12-19-2012 04:31 PM
Please find attached the csv file with the data I am trying to clean. My data contains the brand of a camera, its model #, its price (price1 or price2-- whichever column is populated; both will never be populated at the same time and refers to the same camera) and discamt: how much the camera is discounted. Then I use an If statement to set the value of the variable to 0 if it is missing so that I can add them together later. Since I am new to SAS, if there is a more efficient way to do this pls let me know. For some reason, when I run this program, it generates "invalid data for discamt" in the log but the resulting dataset is fine so I have ignored this.
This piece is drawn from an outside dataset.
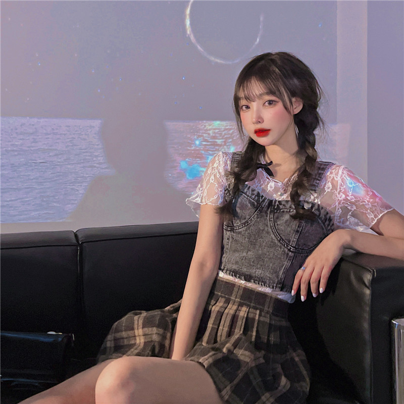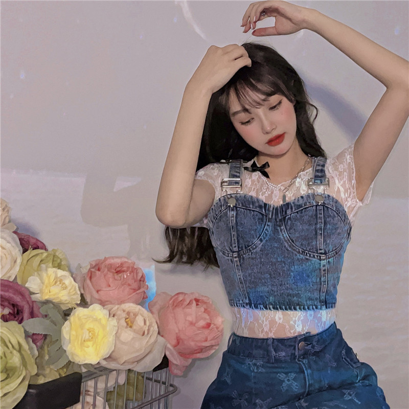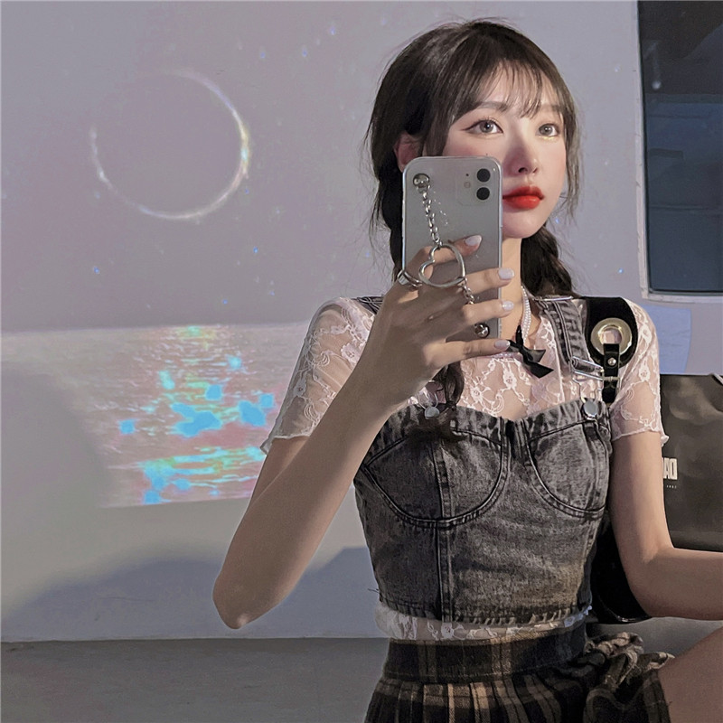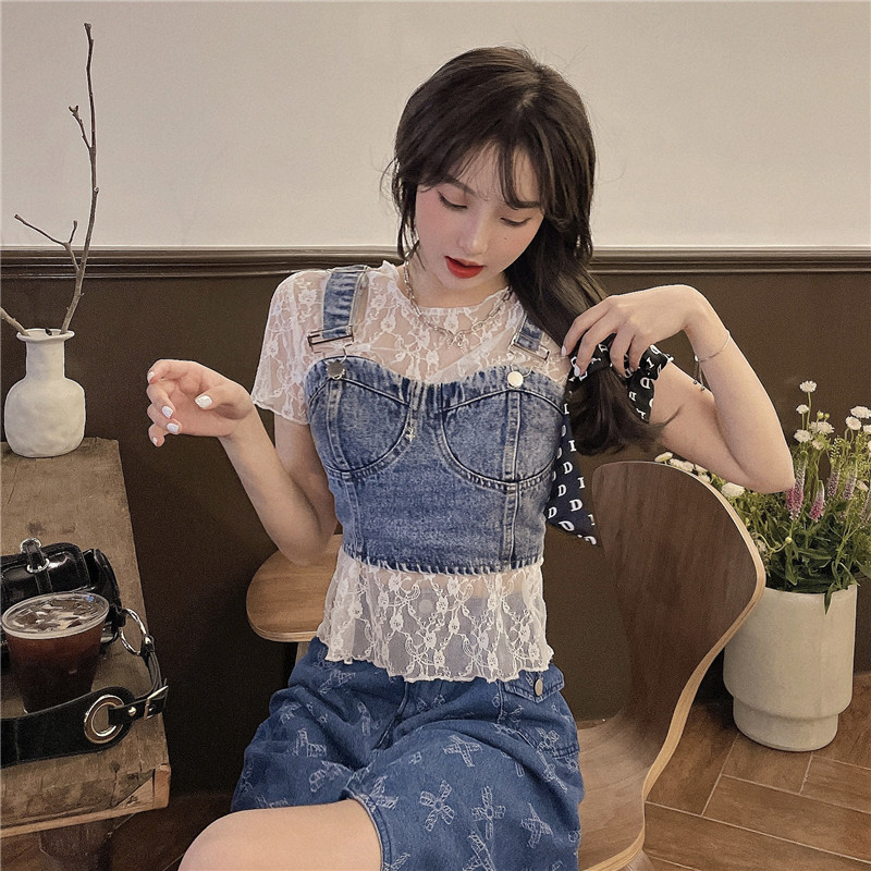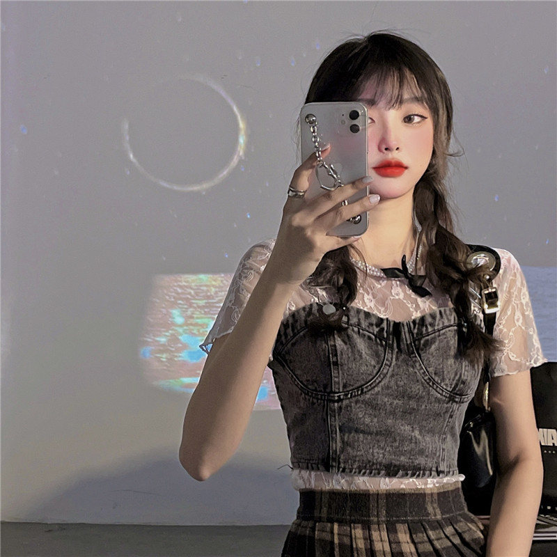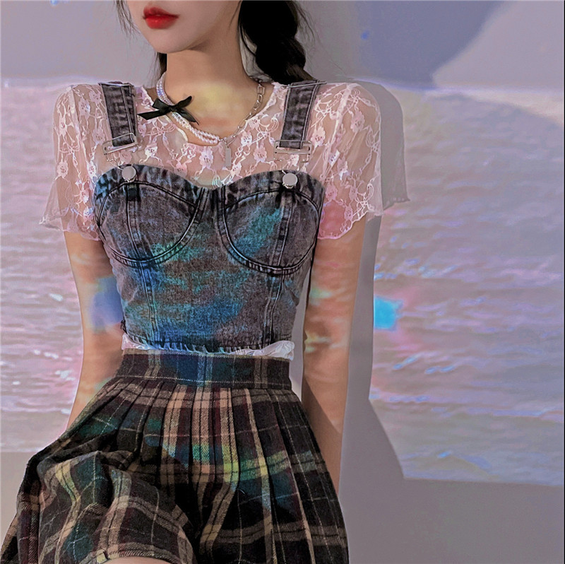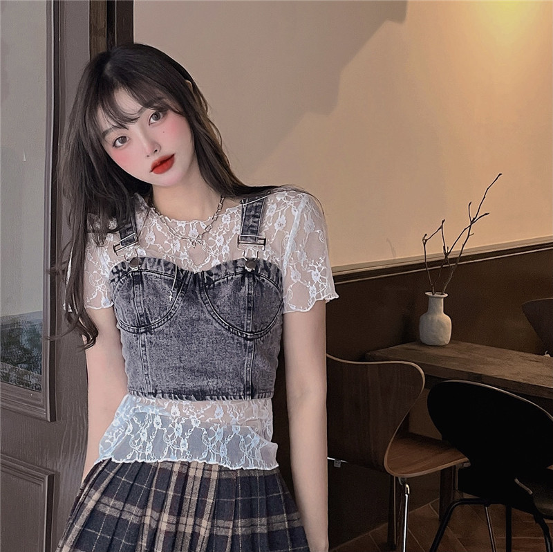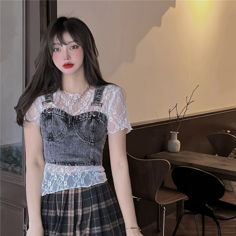 여성을위한 흰색 내부 짧은 상단 중공 스트레치 슬림 핏 얇은 반팔 레이스 셔츠스토어 가기

data bbnov21zoom check_bbnov21zoom;
length brand $ 80 model $ 25;
infile "G:\irobot2\irobot-eval\data\nov21data\bb_nov21\zoombbnv21.csv" firstobs=2 dlm="|" dsd;
input brand model price1 price2 discamt;
if price1="" then price1=0;
if price2="" then price2=0;
if discamt="" then discamt=0;
if index(model, 'B0000') then output check_bbnov21zoom;
else output bbnov21zoom;
Now my question is: how do I parse this dataset using the PRX Perl regex function within SAS two times:
1) once to extract the brandname of the camera which is a substring from the variable "brand"? For eg, I just need the manufacturer's name which is Sony or Canon or Panasonic, etc. I have written this partial code below but I don't know where to insert it within the datasteps or how to make it work
if _n_=1 then
if pos>0 then
keep brand regprice model manuf;
2) From the "model" variable I need to extract the model# only which is the combination of letters followed by digits, for eg, A4000 (in A4000ISBLU) or VR-310 (in VR-310 BLACK). The code below which is copied from another program does this correctly but I don't know where to insert this code and how to make it work within this program.
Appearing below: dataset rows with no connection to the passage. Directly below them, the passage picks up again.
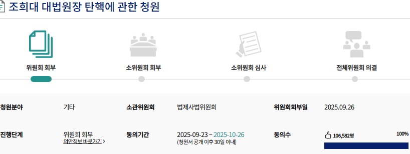 ÇÑÆí, Áö³ 23ÀÏ ¿Ã¶ó¿Â Á¶Èñ´ë źÇÙ¿¡ °üÇÑ Ã»¿øÀÌ 10¸¸ ¸íÀ» µ¹ÆÄÇÏ¸é¼ ±¹È¸´Â ¾î¶² ½ÄÀ¸·Î µç ´äÀ» ÇØ¾ß ÇÒ °ÍÀ¸·Î º¸ÀδÙ.
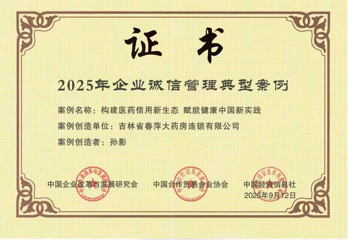 近日,“2025年企业诚信管理典型案例”评选结果在北京揭晓,蛟河市一企业成功入选全国医药行业诚信建设典型案例。这是蛟河市诚信企业首次获评此项全国性评选,标志着“信用蛟河”城市名片越擦越亮。
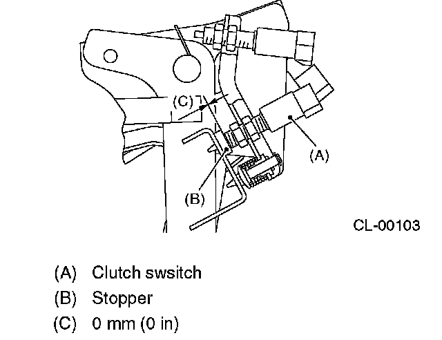 1. Install the clutch switch and clutch pedal stopper so that the gap between them is 0 mm (0 inch).
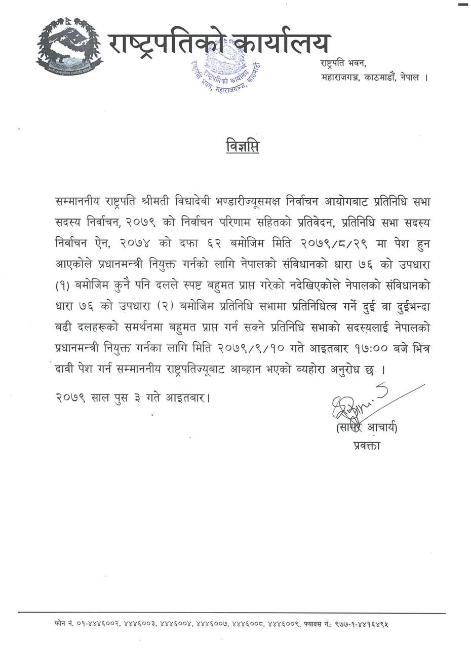 “प्रधानमन्त्री नियुक्त गर्नको लागि नेपालको संविधानको धारा ७६ को उपधारा (१) बमोजिम कुनै पनि दलले स्पष्ट बहुमत प्राप्त गरेको नदेखिएकोले नेपालको संविधानको धारा ७६ को उपधारा (२) बमोजिम प्रतिनिधि सभामा प्रतिनिधित्व गर्ने दुई वा दुईभन्दा बढी दलहरूको समर्थनमा बहुमत प्राप्त गर्न सक्ने प्रतिनिधि सभाको सदस्यलाई नेपालको प्रधानमन्त्री नियुक्त गर्नका लागि मिति २०७९/९/१० गते आइतबार १७स:०० बजे भित्र दाबी पेश गर्न सम्माननीय राष्ट्रपतिज्यूबाट आव्हान भएको ब्यहोरा अनुरोध छ,” राष्ट्रपति कार्यालयले जारी गरेको विज्ञप्तिमा भनिएको छ।

Your help is so greatly appreciated. Thanks and hope to hear from you soon.
12-19-2012 05:25 PM
If your data continues to have the brand as the first item in the name and is always one word you don't need to parse;
BrandName = scan(Brand,1);
12-20-2012 09:41 AM
Thank you, I did not know that, it is so much easier! I still need help with parsing for the model# though. Anyone out there who can help me please?
12-20-2012 10:36 AM
Hello. I think this is getting close to what you want...but looking at the model variable, I'm not sure how you parse that properly.
data bbnov21zoomT check_bbnov21zoomT; infile "G:\irobot2\irobot-eval\data\nov21data\bb_nov21\zoombbnv21.csv" firstobs=2 dlm="|" dsd TRUNCOVER; length netprice regprice discamt 8. newbrand $50. newmodel $50.; input brand :$100. model :$50. price1 :8.2 price2 :8.2 _discamt :$10. ; if price1 = . then price1=0; if price2 = . then price2=0; if _discamt in ('','"') then discamt=0; else discamt = input(_discamt,8.); netprice= price1+price2; regprice=netprice+discamt; newbrand = scan(brand,1); newmodel = scan(model,1,' '); drop _discamt; if index(model, 'B0000') then output check_bbnov21zoomT; else output bbnov21zoomT; run;
By the way: the invalid discamt error was because there was a double-quote character at the end of one of the lines, being read into a numeric field.
12-20-2012 01:48 PM
Thank you very much TimArm. I now understand why that invalid discamt was appearing. Thanks also for the code, I will try it and also learn from it.